Granderrimo!  :Very Happy: 

Appena posso lo provo, come sempre la comunità gentoo mostra il suo splendore  :Very Happy: 

 *codadilupo wrote:*   

> 
> 
> (shev é un esteta della parola, io sono un'estetista dei giochi delle medesime  )

 

Sono un "narcisista della parola" fondamentalmente, ma anche questa tua definizione potrebbe calzare... aggiudicata  :Wink: 

----------

## codadilupo

 *Shev wrote:*   

>  *codadilupo wrote:*   (shev é un esteta della parola, io sono un'estetista dei giochi delle medesime  ) Sono un "narcisista della parola" fondamentalmente, ma anche questa tua definizione potrebbe calzare... aggiudicata 

 

questo vuol dire che mi *perdoni* ?

Dai, giurin giuretta non lo faccio piu'. (anche se resto del parere....  :Wink: )

Coda

----------

## shev

 *codadilupo wrote:*   

> 
> 
> questo vuol dire che mi *perdoni* ?

 

Assolutamente no, non esiste perdono per ciò che hai detto  :Twisted Evil: 

 *Quote:*   

> (anche se resto del parere.... )
> 
> 

 

Vieni a Venezia che ne parliamo, vedrai che ti convinco (con le buone o con le cattive...)  :Laughing: 

Scherzi a parte, mi raccomando venite a Venezia!

----------

## bld

Scusa la mia insistenza ma siccome mi piace come cosa  :Razz: 

insisto un po piu.. per me ancora non va 

per voi altri va questo script?

----------------------

[bld[@]oxygen:~/bin]> ./gwn 

sendmail: fatal: gethostbyname: No such file or directory

-------------------------

forse ho fatto qualche errorino nella configurazione?  :Rolling Eyes: 

----------

## bld

hehe ok fatto!

L'errore era sulla configurazione di postfix

Non l'avevo configurato perche installato

recentemente!

Sto aspettando con anzia la mail!!!!!!

ancora non e' arrivatta!   :Twisted Evil: 

----------

## teknux

ripesco al volo sto post. non avendo molto da fare e volendo giocherellare un po' con python per imparare il linguaggio, ho provato a scrivere una versione in python del codice di Ginko. In questo modo si può evitare di emergere alcuni moduli perl solo per questo.

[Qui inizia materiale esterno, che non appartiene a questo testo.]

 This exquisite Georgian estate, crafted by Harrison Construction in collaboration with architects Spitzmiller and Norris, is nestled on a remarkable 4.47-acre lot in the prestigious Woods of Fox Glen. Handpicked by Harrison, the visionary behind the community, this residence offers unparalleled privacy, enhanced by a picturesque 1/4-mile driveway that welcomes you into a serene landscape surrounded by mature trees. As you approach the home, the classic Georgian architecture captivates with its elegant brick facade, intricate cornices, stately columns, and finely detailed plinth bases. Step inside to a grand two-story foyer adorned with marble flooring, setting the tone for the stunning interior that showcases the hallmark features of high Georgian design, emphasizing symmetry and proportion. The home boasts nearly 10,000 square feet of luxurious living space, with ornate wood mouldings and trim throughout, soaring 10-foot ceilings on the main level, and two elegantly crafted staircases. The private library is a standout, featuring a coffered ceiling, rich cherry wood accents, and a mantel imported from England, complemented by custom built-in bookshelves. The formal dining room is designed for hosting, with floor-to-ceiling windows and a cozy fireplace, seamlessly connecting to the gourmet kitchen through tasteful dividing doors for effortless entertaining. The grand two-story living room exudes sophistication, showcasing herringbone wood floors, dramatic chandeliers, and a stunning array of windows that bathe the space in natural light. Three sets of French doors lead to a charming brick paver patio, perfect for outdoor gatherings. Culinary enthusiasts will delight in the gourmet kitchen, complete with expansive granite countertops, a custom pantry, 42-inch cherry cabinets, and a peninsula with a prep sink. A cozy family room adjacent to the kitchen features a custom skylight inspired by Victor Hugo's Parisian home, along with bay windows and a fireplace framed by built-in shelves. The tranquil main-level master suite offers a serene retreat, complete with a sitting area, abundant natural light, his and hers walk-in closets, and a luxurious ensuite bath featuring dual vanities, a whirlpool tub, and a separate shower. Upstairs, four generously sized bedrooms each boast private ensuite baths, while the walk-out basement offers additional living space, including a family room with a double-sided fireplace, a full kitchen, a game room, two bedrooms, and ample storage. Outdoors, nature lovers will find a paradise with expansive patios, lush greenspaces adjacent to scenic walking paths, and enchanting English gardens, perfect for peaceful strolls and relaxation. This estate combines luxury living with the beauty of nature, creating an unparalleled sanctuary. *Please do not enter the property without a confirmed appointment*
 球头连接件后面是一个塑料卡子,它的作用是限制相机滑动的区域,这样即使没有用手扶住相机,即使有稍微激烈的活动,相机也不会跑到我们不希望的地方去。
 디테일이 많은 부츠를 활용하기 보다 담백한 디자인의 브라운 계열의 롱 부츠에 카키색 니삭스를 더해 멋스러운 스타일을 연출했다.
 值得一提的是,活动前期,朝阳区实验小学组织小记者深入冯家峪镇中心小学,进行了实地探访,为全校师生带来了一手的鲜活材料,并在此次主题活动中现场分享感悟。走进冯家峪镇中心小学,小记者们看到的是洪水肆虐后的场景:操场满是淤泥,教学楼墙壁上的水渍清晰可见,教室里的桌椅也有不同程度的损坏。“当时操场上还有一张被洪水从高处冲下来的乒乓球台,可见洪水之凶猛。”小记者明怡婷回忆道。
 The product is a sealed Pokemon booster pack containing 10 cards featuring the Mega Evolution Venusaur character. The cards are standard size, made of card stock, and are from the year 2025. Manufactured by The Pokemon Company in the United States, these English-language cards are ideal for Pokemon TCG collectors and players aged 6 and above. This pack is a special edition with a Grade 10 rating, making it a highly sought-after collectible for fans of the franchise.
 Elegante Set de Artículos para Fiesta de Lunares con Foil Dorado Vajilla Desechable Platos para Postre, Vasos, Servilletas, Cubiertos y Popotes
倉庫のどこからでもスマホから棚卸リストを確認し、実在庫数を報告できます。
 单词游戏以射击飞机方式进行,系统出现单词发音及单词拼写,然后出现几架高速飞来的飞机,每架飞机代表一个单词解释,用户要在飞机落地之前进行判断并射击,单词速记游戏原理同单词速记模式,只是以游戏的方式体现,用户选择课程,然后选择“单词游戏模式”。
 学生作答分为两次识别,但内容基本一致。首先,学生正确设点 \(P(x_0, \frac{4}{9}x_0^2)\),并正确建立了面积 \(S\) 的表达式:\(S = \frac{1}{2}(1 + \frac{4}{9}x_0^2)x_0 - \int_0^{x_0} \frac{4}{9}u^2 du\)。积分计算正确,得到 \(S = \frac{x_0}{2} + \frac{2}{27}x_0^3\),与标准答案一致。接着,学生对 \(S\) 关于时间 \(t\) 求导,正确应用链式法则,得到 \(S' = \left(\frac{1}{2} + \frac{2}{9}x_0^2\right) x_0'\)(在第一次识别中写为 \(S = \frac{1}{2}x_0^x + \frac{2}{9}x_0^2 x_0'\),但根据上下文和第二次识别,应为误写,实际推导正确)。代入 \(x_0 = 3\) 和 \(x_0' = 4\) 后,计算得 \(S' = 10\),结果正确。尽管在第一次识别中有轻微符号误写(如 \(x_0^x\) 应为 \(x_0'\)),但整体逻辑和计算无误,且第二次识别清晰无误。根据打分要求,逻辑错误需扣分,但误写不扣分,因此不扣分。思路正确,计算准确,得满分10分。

L'ho provato ed al momento non mi da errori (almeno il parser), ma non essendo ancora uscita la nuova GWN (ed essendo oggi lunedì) lo script fallisce miseramente. il modo di operare è pressochè identico (anche perchè altrimenti non avrei avuto idea di come fare  :Razz: ), tranne per il fatto che usa la libreria standard di Python.

spero possa tornarvi utile. ogni commento/insulto/correzione è ovviamente ben accetto. può darsi che migliorerò la gestione degli errori e di alcune eccezioni, chissà  :Wink: 

ad ogni modo eccovi il codice:

```

#!/usr/bin/python2.2

#

# very simple python-port of Gianluca Rotoni's "AUTOGWN" (I kept some #comments)

# it can be useful (maybe). made for fun and didactical purposes

# made by teknux <teknux@yahoo.it>

# 

# thanks to Gianluca Rotoni (without his Perl code I wasn't able to #write my Python version :P)

# and all the GECHI users :-)

import sys as sys

from time import *

import httplib

import smtplib

from email.MIMEText import MIMEText

# User configuration

language = "it"

gwn_recipe = "user\@domain.tld"

gwn_sender = "you\@yourdomain.tld"

smtp_host = "localhost"

smtp_port = 25

# Get todays date, if it's not Monday get latest Monday's date

today = gmtime(int(time()))

if today != 0:

    gettime = gmtime(int(time())) 

    while gettime [6] != 0:

        gettime = gmtime(int(time()) - 86400)       

else:

    gettime = today

# Format last Monday's date as YYYYMMDD

datum = strftime("%Y%m%d", gettime)

# Try to get last Monday GWN

gwn_host = "www.gentoo.org"

gwn_path = "/news/"+language+"/gwn/"+datum+"-newsletter.xml"

conn = httplib.HTTPConnection(gwn_host)

conn.request("GET", gwn_path)

resp = conn.getresponse()

if (resp.status != "200") and (resp.reason != "OK"):

    print "ERROR: couldn't get the GWN for: "+datum+""" 

    in language: """+language+"... exiting!"

    sys.exit(-1)

print "OK: "+ gwn_host + gwn_path +"FOUND!"

print "Retriving GWN for: "+datum+" in language: "+language+"..."

data = resp.read()

conn.close()

# send it via Email to the specified address

print "Sending last GWN to "+gwn_recipe+" from"+gwn_sender+"..."

msg = MIMEText(data)

msg['Subject'] = "Gentoo Weekly Newsletter ("+datum+"-"+language+")"

msg['From'] = gwn_sender

msg['To'] = gwn_recipe

mail = smtplib.SMTP(smtp_host, smtp_port)

mail.connect()

mail.sendmail(gwn_sender, gwn_recipe, msg.as_string())

mail.close()

sys.exit(0)

```

buon divertimento!

saluti,

tek

EDIT: corrette alcune virgole per andare a capo, altriementi avreste ricevuto errori (credo)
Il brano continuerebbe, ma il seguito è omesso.